> _Exercise goal_:
Repeat the data that follows exactly, starting at the line with "枣庄日报市中新闻第1693期(2023年12月22日)" and ending at the line with "وقال ابن عباس", and leave out every picture.

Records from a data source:
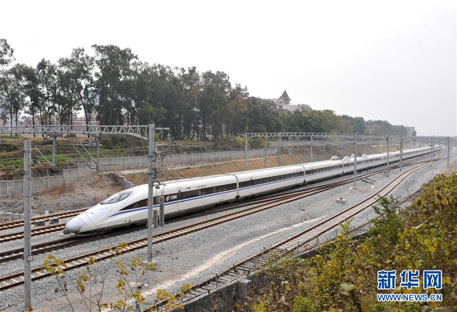 廣西桂林至北京高鐵列車在桂林市靈川縣境內(nèi)行駛(2013年12月28日攝)。 廣西壯族自治區(qū)成立60年來(lái),鐵路建設(shè)發(fā)生翻天覆地的變化。來(lái)自中國(guó)鐵路南寧局集團(tuán)有限公司的數(shù)據(jù)顯示,1958年廣西鐵路總里程為1346.3公里,如今廣西鐵路總里程達(dá)5191公里。廣西與周邊相鄰省份間實(shí)現(xiàn)動(dòng)車“公交化”開(kāi)行。此外,北部灣港—重慶班列、東盟海產(chǎn)品冷鏈班列、“百色一號(hào)”果蔬專列等的開(kāi)通和運(yùn)營(yíng),強(qiáng)化了鐵路供給的針對(duì)性和有效性。鐵路成為助推廣西經(jīng)濟(jì)社會(huì)快速發(fā)展的“大動(dòng)脈”。 新華社記者陸波岸攝
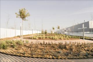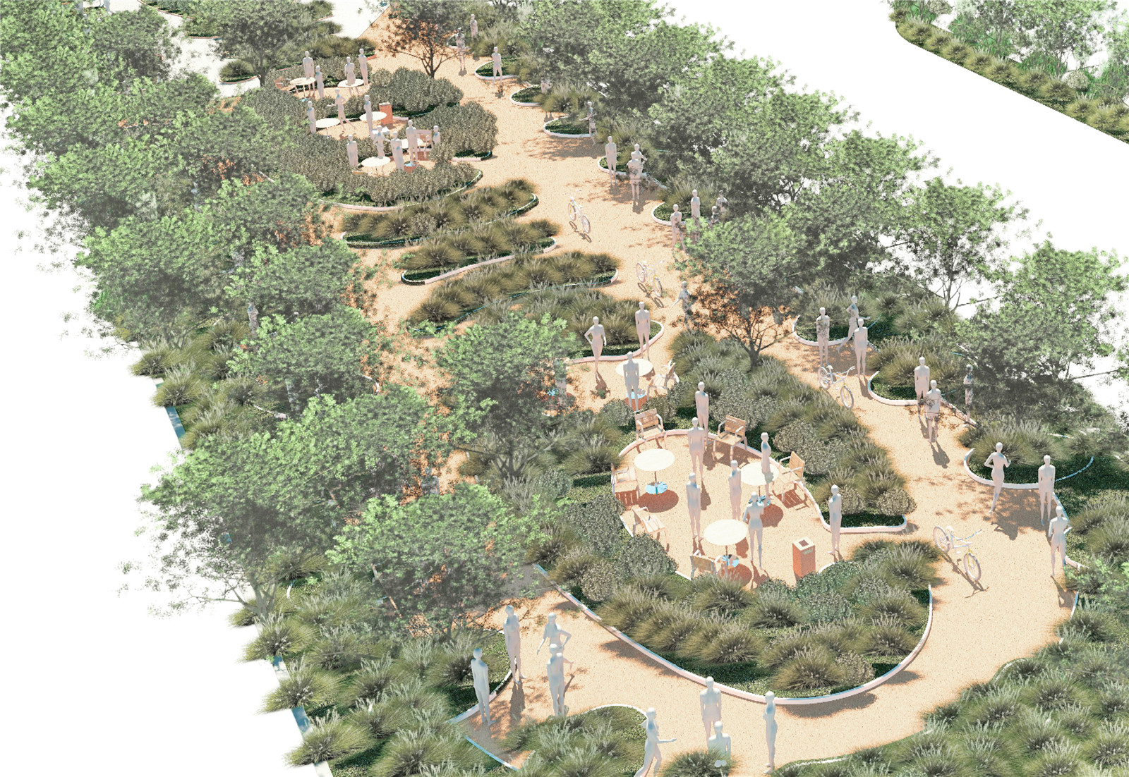 由于氣候條件干燥,植物多選用耐旱品種,還需兼顧減少過敏或引發(fā)呼吸道疾病的風險。重塑后的的地形可保存雨水,并將其引至那些用作“海綿”的綠地,以減少徑流、存儲雨水、清理沉積物和污染物,并將其融入到周邊的生態(tài)系統(tǒng)之中。
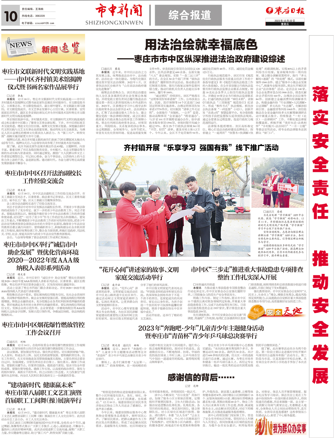 枣庄日报市中新闻第1693期(2023年12月22日)
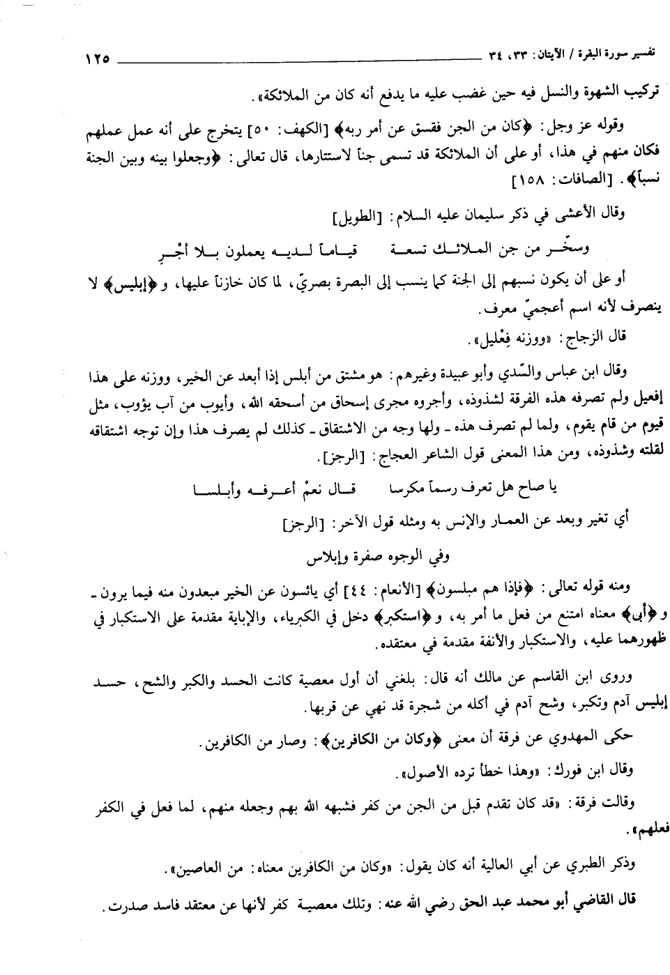وقال ابن عباس والسّدي وأبو عبيدة وغيرهم: هو مشتق من أبلس إذا أبعد عن الخير، ووزنه على هذا إفعيل ولم تصرفه هذه الفرقة لشذوذه، وأجروه مجرى إسحاق من أسحقه الله، وأيوب من آب يؤوب، مثل قيوم من قام يقوم، ولما لم تصرف هذه- ولها وجه من الاشتقاق- كذلك لم يصرف هذا وإن توجه اشتقاقه لقلته وشذوذه، ومن هذا المعنى قول الشاعر العجاج: [الرجز] .
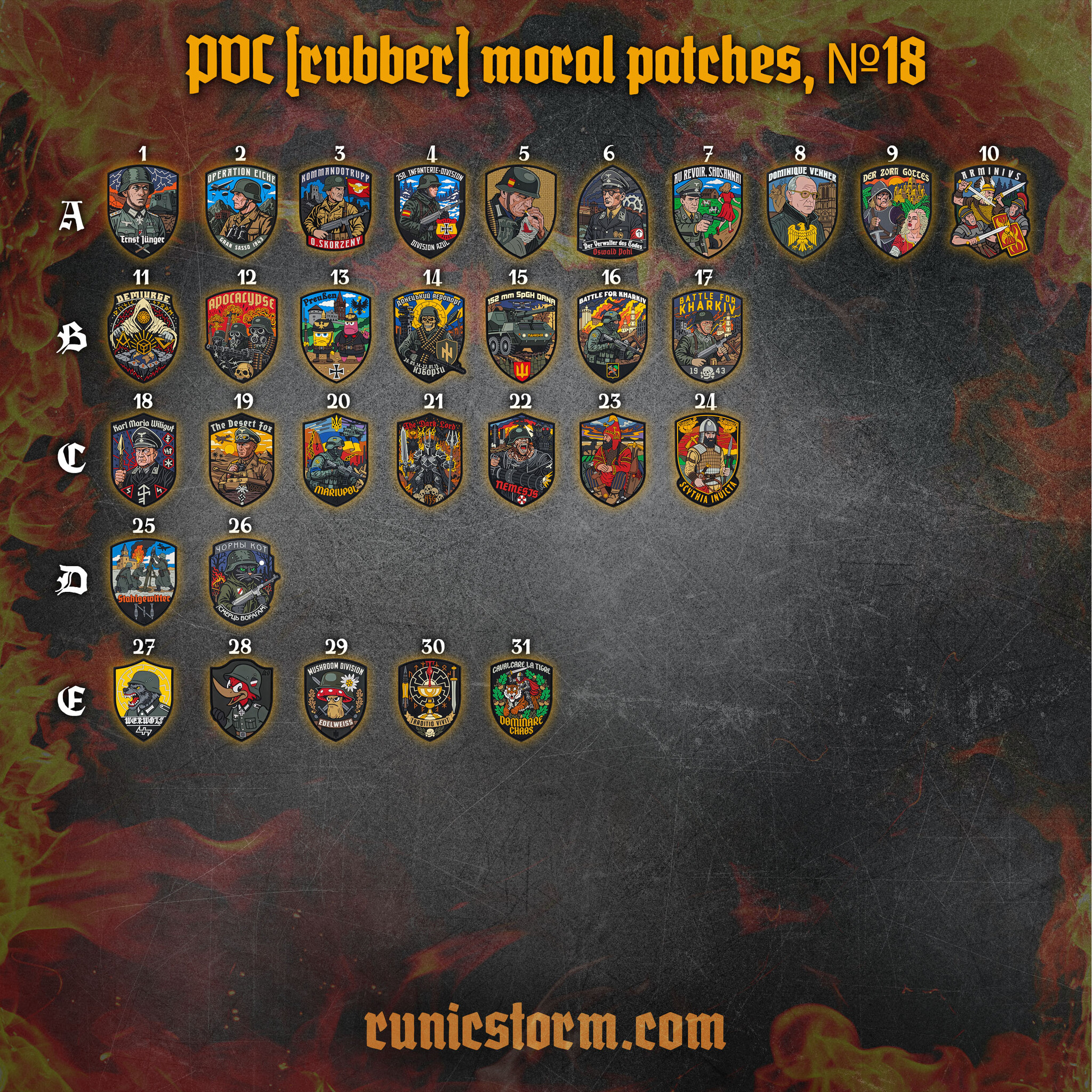 New PVC (rubber) moral patches, panel №18 SKU: W952 Stock Status: 775 Delivery Status: 1-3 days Keywords: #panel Number -- Select -- 01 - The «Ernst Jünger Soldier» PVC patch 02 - The «Operation Eiche» PVC patch 03 - The «Skorzeny Kommandos» PVC patch 04 - The «250th Infatry Division» PVC patch 05 - The «Wounded but Unbroken» PVC patch 06 - The «Der Verwalter des Todes» PVC patch 07 - The «Au Revoir, Shosanna!» PVC patch 08 - The «Dominique Venner» PVC patch 09 - The «Der Zorn Gottes» PVC patch 10 - The «Arminius» PVC patch 11 - The «Demiurge» PVC patch 12 - The «Apocalypse» PVC patch 13 - The «Last Bastion of Prussia» PVC patch 14 - The «Donetsk Airport» PVC patch 15 - The «Manyunya» PVC patch 16 - The «Battle for Kharkiv (2022)» PVC patch 17 - The «Battle for Kharkiv» PVC patch 18 - The «Weisthor» PVC patch 19 - The «Desert Fox» PVC patch 20 - The «Battle for Mariupol (2022)» PVC patch 21 - The «Sauron» PVC patch 22 - The «Nemesis» PVC patch 23 - The «Scythyan Warrior» PVC patch 24 - The «Scythya Invicta» PVC patch 25 - The «Stahlgewitter (GrW 42)» PVC patch -$1 26 - The «Чорны Кот» PVC patch -$1 27 - The «Werwolf» PVC patch -$2 28 - The «Woody Woodpecker» PVC patch -$2 29 - The «Mushroom Division» PVC patch -$2 30 - The «Traditio Vivit» PVC patch -$2 31 - The «Ride the Tiger» PVC patch -$2 $12 Quantity Add To Cart Description There is no description for this product yet.

> _Exercise response_:
 枣庄日报市中新闻第1693期(2023年12月22日)
وقال ابن عباس والسّدي وأبو عبيدة وغيرهم: هو مشتق من أبلس إذا أبعد عن الخير، ووزنه على هذا إفعيل ولم تصرفه هذه الفرقة لشذوذه، وأجروه مجرى إسحاق من أسحقه الله، وأيوب من آب يؤوب، مثل قيوم من قام يقوم، ولما لم تصرف هذه- ولها وجه من الاشتقاق- كذلك لم يصرف هذا وإن توجه اشتقاقه لقلته وشذوذه، ومن هذا المعنى قول الشاعر العجاج: [الرجز] .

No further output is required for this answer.